*DATA BELOW:*
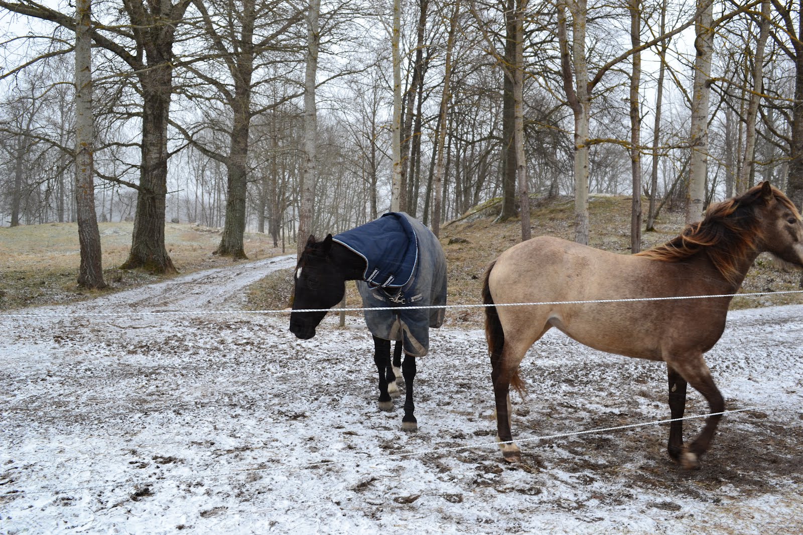 Some pictures of the horses that tries to avoid the snow and wind today.
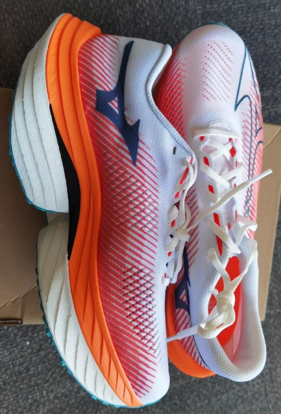 本篇笔记关联了Mizuno/美津浓 Wave Rebellion Pro 竞速碳板 缓震轻便 支撑 马拉松 织物 跑鞋 白色/暗蓝色/亮橘色等商品,为用户提供真实的使用体验和购买参考。
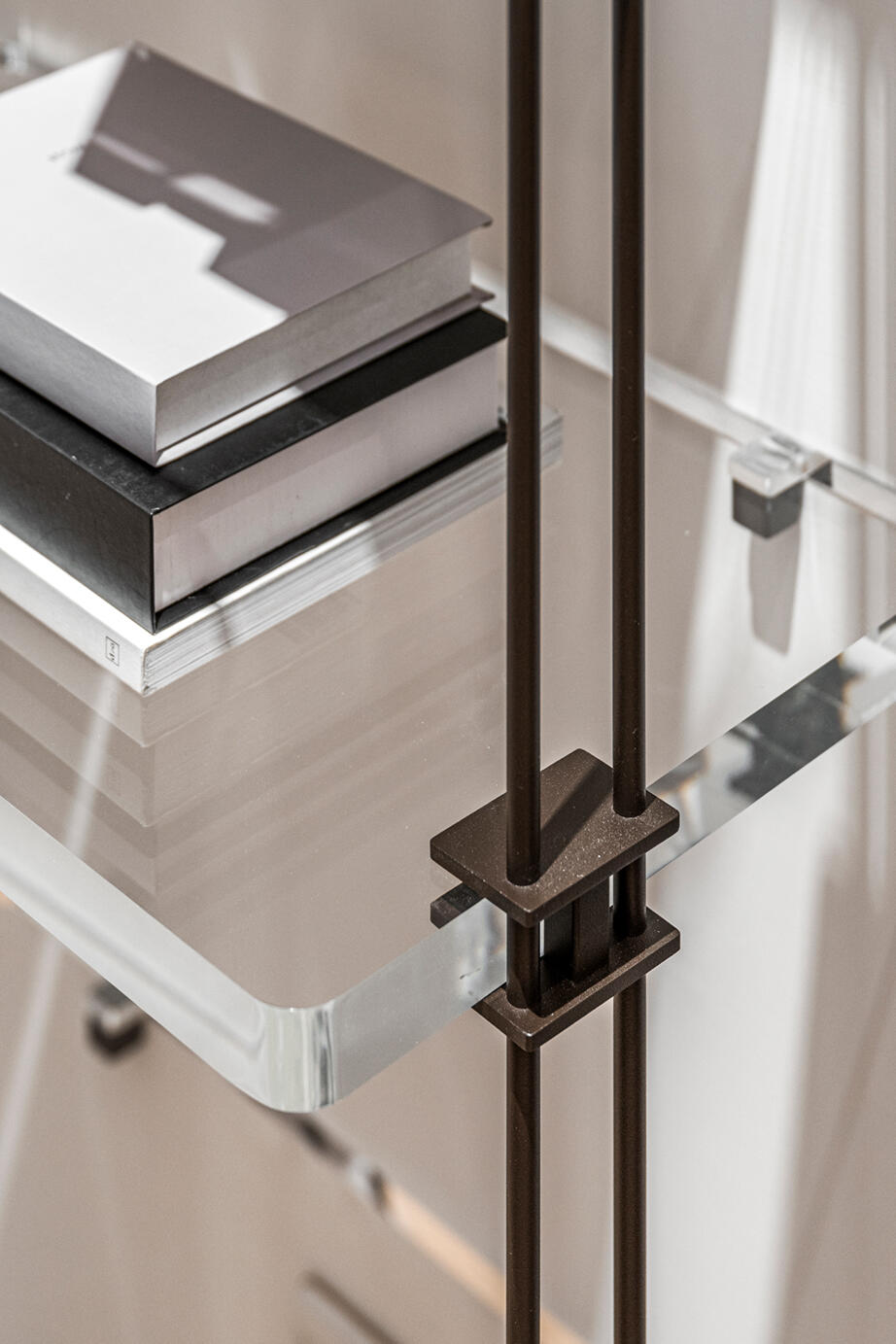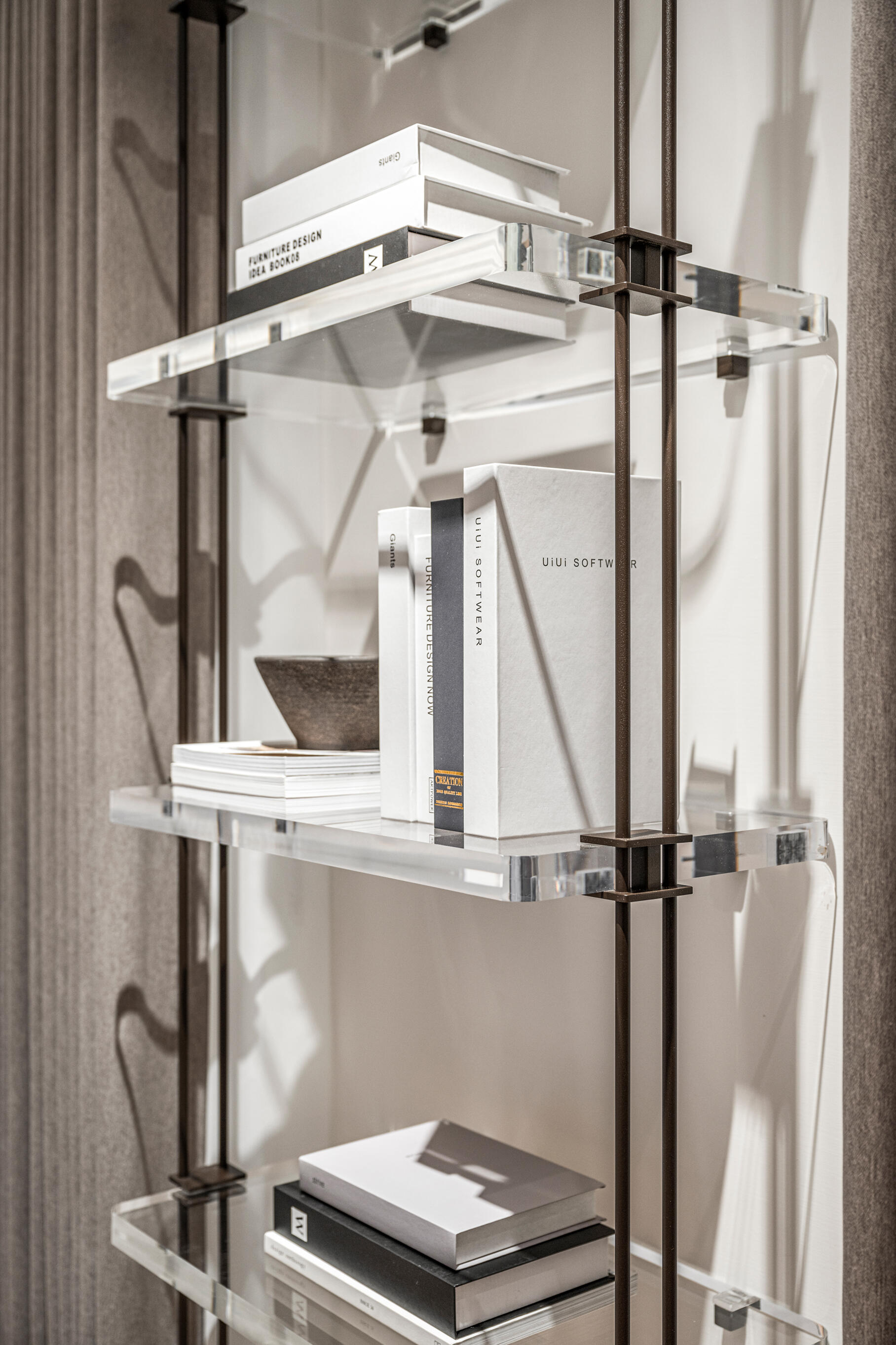 靈感源自法式水晶吊燈的壓克力層架,設計師巧妙地將流光溢彩的水晶轉換成書架,運用纖細鐵件與透明層板完美結合,不僅能減少視覺上的沉重感,還能營造出空間的輕盈與立體效果。輕盈通透卻承重力十足,是令人驚嘆設計的巧思。

*EXERCISE OBJECTIVE:*
Print the listing exactly, minus any pictures.

*COMPLETED EXERCISE:*
 Some pictures of the horses that tries to avoid the snow and wind today.
 本篇笔记关联了Mizuno/美津浓 Wave Rebellion Pro 竞速碳板 缓震轻便 支撑 马拉松 织物 跑鞋 白色/暗蓝色/亮橘色等商品,为用户提供真实的使用体验和购买参考。
 靈感源自法式水晶吊燈的壓克力層架,設計師巧妙地將流光溢彩的水晶轉換成書架,運用纖細鐵件與透明層板完美結合,不僅能減少視覺上的沉重感,還能營造出空間的輕盈與立體效果。輕盈通透卻承重力十足,是令人驚嘆設計的巧思。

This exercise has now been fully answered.